In June 2018, the Horizons fund was listed on the Toronto Stock Exchange (yet another Canadian Blockchain ETF on our list). In 2018, Blockchain ETFs became the salient feature of the country’s biggest stock exchange.  

Yahoo! Finance

The fund’s chief executive officer Steve Hawkins claims that he is not sure how big the adoption of the Blockchain technology is going to be, but the investments are necessary for building out the technology. BKCH, according to Hawkins, is focusing on well-established companies (the holdings of this ETF include the stocks of Nvidia Corp. and Digital Realty Trust Inc.).

What differs Blockchain ETFs from Bitcoin ETFs?
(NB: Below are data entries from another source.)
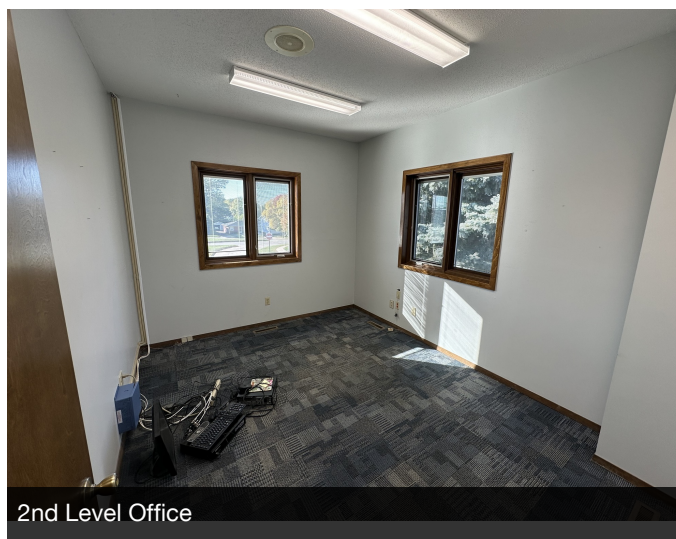
2nd Level Office
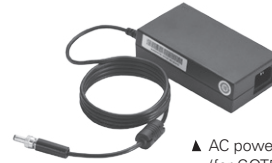
▲ AC power adapter (for GOT5840T-845-J)
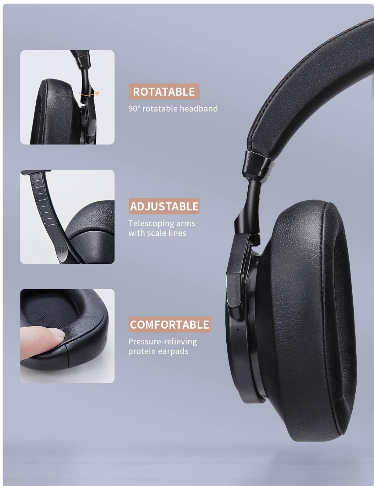
Image 6.1: Bluedio T7 headphone design features. The image highlights the 90-degree rotatable headband, adjustable telescoping arms with scale lines, and comfortable pressure-relieving protein earpads.

Since there is a lot of confusion, it is worth pointing out that no aforementioned Blockchain stocks are dealing directly with cryptocurrencies. The Winklevoss brothers were on track to launch their own Bitcoin ETF, but they didn’t get the approval from the SEC. Bitcoin ETFs are seen as a catalyst for the next bull market, but SEC commissioner Hester Peirce (better known as ‘Crypto mom’), claims that it could take years for the much-anticipated approval.